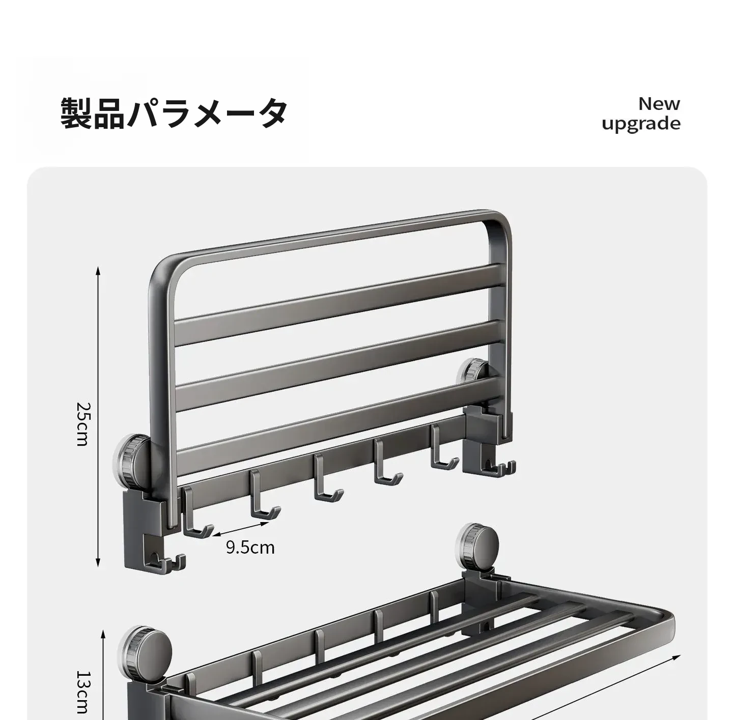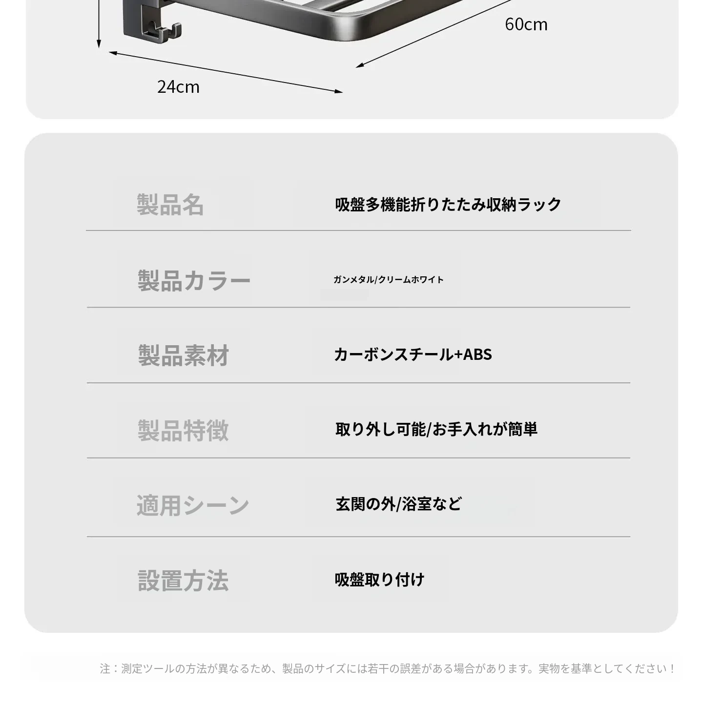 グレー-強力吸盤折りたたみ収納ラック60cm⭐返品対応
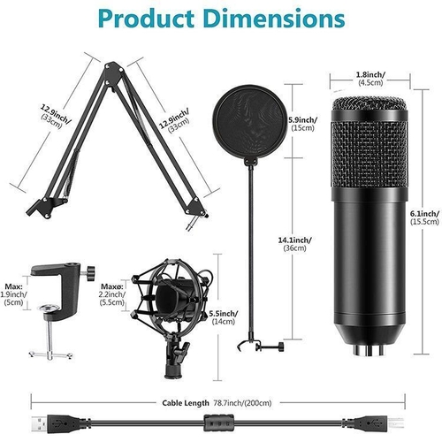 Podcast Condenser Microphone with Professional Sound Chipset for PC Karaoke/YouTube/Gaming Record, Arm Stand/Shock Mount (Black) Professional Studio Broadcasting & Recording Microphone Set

--

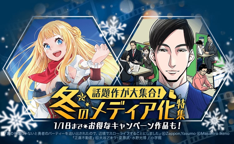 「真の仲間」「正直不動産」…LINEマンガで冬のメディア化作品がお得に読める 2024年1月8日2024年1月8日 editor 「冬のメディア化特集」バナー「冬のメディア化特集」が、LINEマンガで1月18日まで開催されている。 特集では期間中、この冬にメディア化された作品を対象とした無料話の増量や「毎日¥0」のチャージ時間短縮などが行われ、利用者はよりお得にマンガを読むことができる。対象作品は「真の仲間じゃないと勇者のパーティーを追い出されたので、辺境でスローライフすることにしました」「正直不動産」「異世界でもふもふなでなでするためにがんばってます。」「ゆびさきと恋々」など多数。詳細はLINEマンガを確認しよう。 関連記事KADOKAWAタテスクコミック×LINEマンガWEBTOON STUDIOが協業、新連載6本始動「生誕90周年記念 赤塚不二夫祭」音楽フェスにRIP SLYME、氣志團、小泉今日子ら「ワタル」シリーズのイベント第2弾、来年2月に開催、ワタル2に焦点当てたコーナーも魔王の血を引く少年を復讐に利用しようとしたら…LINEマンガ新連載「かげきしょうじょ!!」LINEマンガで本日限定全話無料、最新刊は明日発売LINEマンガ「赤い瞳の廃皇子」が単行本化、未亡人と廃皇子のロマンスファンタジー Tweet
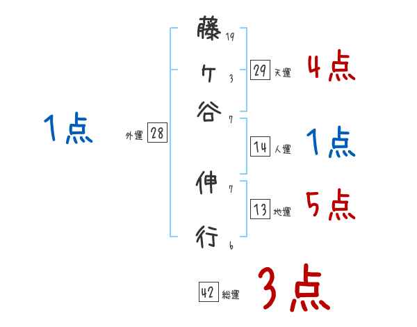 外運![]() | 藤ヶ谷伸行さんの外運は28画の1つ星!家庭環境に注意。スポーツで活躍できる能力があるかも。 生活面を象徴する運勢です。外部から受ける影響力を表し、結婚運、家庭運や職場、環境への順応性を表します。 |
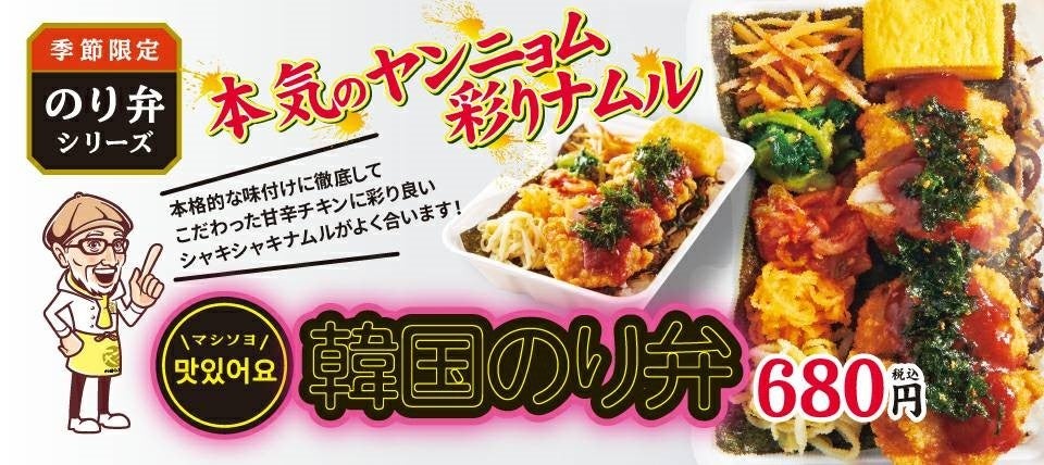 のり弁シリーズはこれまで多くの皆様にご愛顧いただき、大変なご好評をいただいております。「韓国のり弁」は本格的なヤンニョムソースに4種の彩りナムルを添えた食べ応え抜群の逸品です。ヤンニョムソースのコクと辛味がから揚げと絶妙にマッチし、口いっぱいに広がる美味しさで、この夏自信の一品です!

...

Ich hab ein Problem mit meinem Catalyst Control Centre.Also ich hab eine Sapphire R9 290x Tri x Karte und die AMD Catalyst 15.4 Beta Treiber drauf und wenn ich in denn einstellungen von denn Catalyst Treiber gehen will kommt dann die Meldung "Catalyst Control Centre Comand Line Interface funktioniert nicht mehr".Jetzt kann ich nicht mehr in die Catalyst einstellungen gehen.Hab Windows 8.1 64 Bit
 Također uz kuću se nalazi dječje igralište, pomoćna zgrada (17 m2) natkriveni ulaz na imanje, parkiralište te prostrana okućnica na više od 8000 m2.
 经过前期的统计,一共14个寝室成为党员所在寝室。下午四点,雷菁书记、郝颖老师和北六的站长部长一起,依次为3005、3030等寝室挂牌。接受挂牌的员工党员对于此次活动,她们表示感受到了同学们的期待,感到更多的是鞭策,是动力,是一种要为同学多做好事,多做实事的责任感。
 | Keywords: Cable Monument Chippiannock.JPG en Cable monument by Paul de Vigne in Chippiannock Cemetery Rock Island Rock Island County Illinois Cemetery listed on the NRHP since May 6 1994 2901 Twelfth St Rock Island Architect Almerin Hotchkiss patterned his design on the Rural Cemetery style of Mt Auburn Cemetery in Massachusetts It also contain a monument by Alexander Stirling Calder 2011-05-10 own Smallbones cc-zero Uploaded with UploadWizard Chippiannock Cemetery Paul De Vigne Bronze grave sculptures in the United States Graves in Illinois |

> **Required work**: Every line above from the one with "グレー-強力吸盤折りたたみ収納ラック60cm⭐返品対応" down to the one with "Podcast Condenser Microphone" must be written out exactly, and no picture may appear.

> **Worked solution**:
 グレー-強力吸盤折りたたみ収納ラック60cm⭐返品対応
 Podcast Condenser Microphone with Professional Sound Chipset for PC Karaoke/YouTube/Gaming Record, Arm Stand/Shock Mount (Black) Professional Studio Broadcasting & Recording Microphone Set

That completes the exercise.